Another decision that depends on your circumstances. Most buyers opt for a conventional loan, i.e. one coming from a commercial bank or credit union. Yet, those with a lower household income may decide to apply for an FHA loan, a type of loan insured by the Federal Housing Administration with the intent of giving a leg up to those of lower income or stuck with bad credit. FHA loans are attractive for many due to their low 3.5% down payment rate, with 1 in 5 home buyers using an FHA when purchasing a home (Source).

The third category of loan type includes department of veteran affairs issued loans for veterans and other programs available to other specific groups. Most buyers won’t be eligible for these types of loans, but if you are and the terms are favorable, you should probably take one.

Shopping around for lenders

After deciding on the right type of loan, it’s time to consult with lenders. It always pays to meet with a multitude of lenders, especially as a first-time buyer. Speaking with a variety of agents, comparing offers and discovering what’s out there is a great way to build confidence and choose a mortgage on your own terms.

No need to go crazy either, just make a list of several possible lenders and after meeting with their representatives, etch out the pros and cons of each, while comparing them.
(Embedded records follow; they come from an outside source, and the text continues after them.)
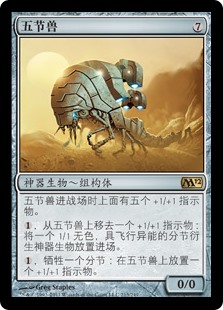 | Rules | Pentavus enters the battlefield with five +1/+1 counters on it. , Remove a +1/+1 counter from Pentavus: Create a 1/1 colorless Pentavite artifact creature token with flying. , Sacrifice a Pentavite: Put a +1/+1 counter on Pentavus. |
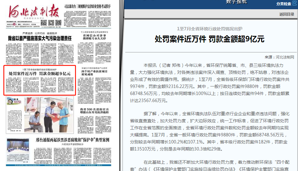 在此基础上,我省还不断加大环境行政处罚力度,着力推动新环保法“四个配套”办法(《环境保护主管部门实施按日连续处罚办法》《环境保护主管部门实施查封、扣押办法》《环境保护主管部门实施限制生产、停产整治办法》《企业事业单位环境信息公开办法》)的广泛实施。截至7月底,各市(含定州市、辛集市)“四个配套”办法及移交移送案件已实现全覆盖,违反“四个配套”办法及移送行政拘留和涉嫌污染犯罪案件总数达1071件,较去年同期增加了275.8%。
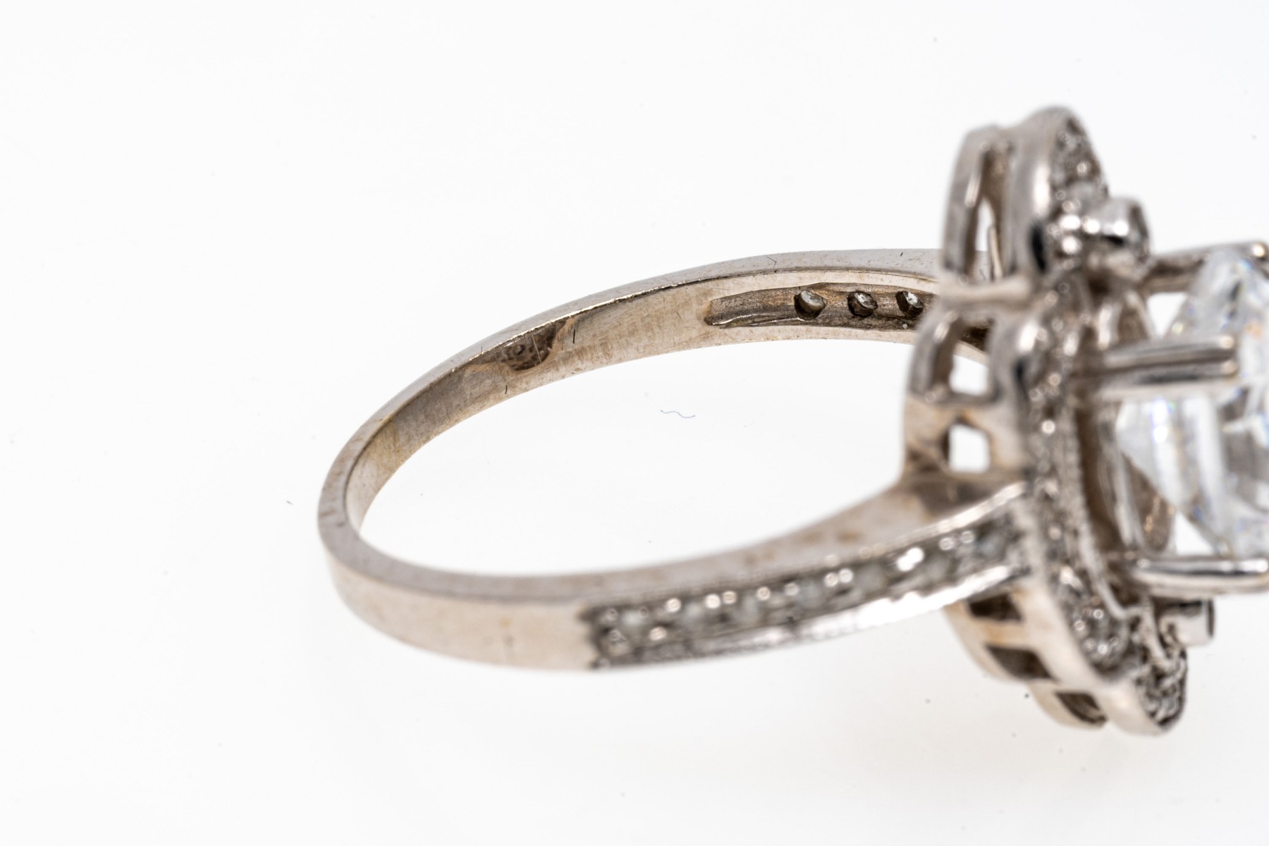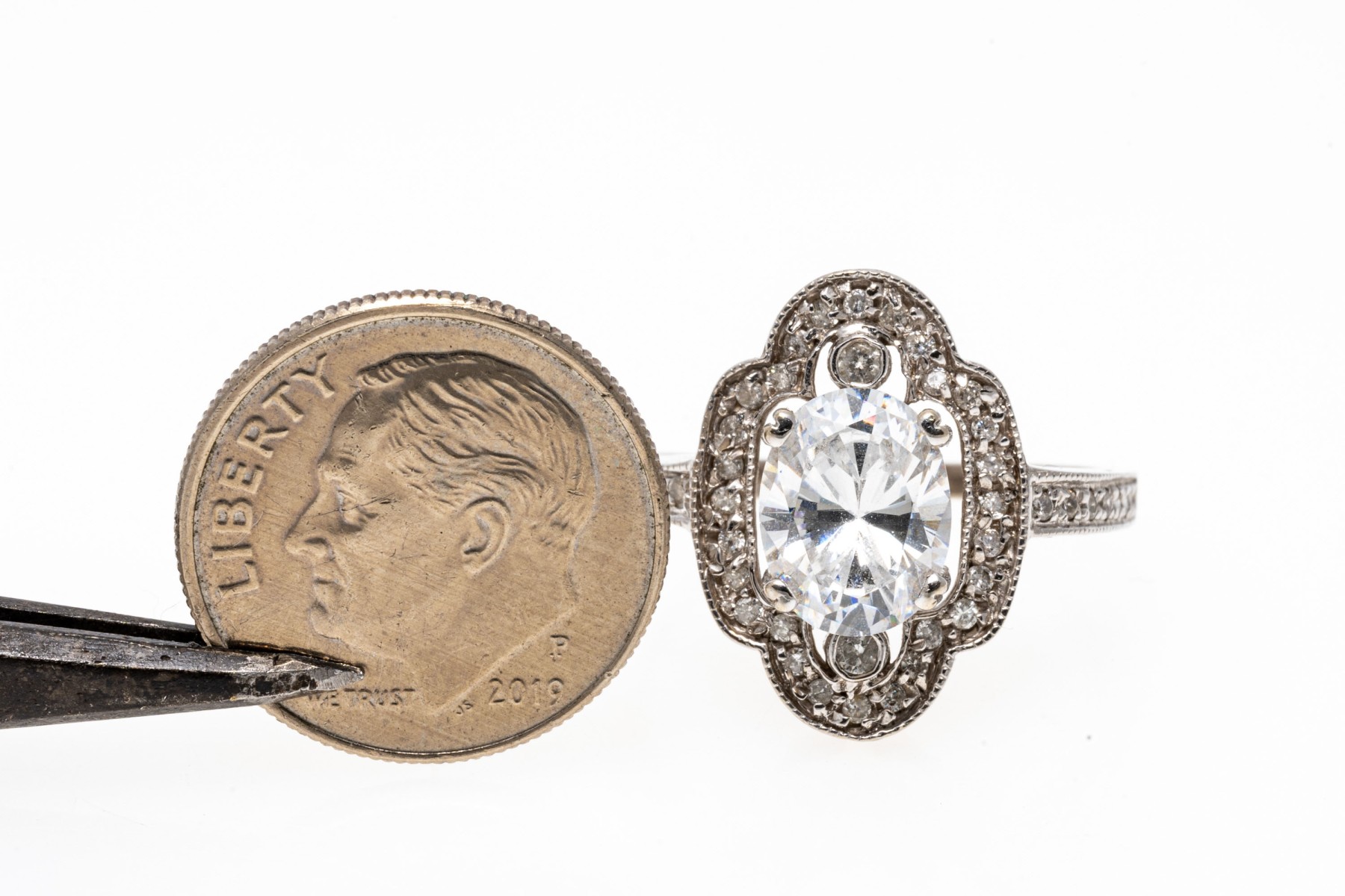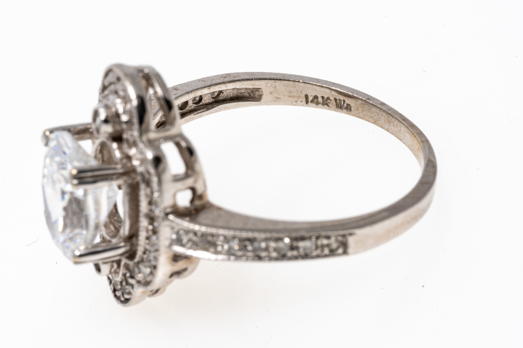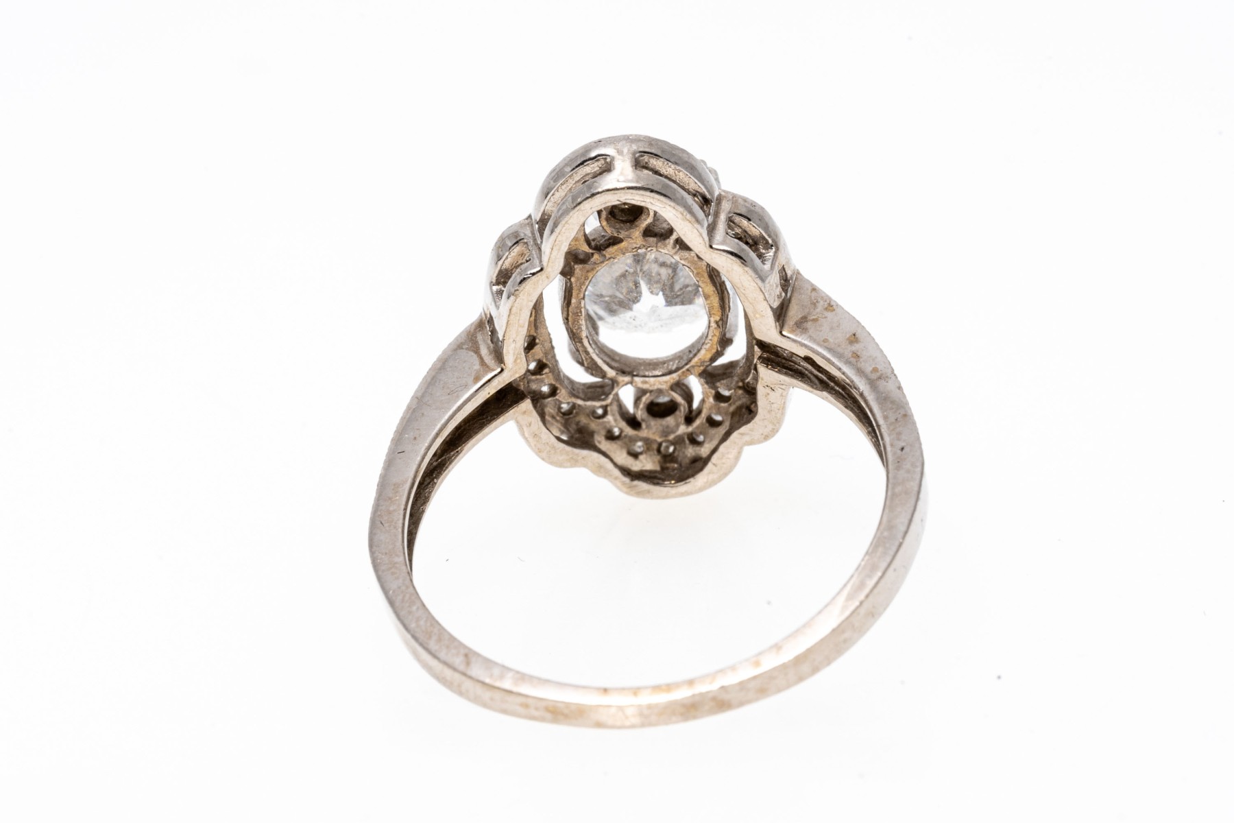 14K white gold ring. This elegant ring is set with a frame of round faceted accent diamonds framing an eye-catching oval cut cubic zirconia. Ring size 7.75.

Also, don’t forget to consult with friends and family whenever necessary.

Getting pre-approved

Now it’s time to get pre-approved and put earlier budget estimates into sharper focus. Pre-approval is a slightly nerve-wracking but essential step wherein lenders scrutinize your financial history and information in order to decide whether you qualify for the mortgage you want. They look at a potential borrower’s

  • Income
  • Employment history
  • Assets
  • Total debt
  • Credit score and history

Once you are pre-approved, congratulations are in order. You are a large step closer to a new home. It’s important to note that mortgage pre-approval letters come with an expiration date of 4 to 6 weeks and you’ll have to get a new one if you don’t complete the mortgage process in the allotted time.

Deciding on a Down Payment

Now that everything else is in the bag, the last important decision you’ll have to make in the mortgage process is choosing the size of your down payment. Usually, the more the better, as a down payment of 20% or more will get you a lower interest rate and you won’t have to pay private mortgage insurance.

Of course, not everyone has that kind of cash on hand. But unless you take out an FHA loan, you’ll be expected to pay at least 5% of the price of the home. Most young first-time buyers put down 8%-9%, which is a reasonable number to shoot for.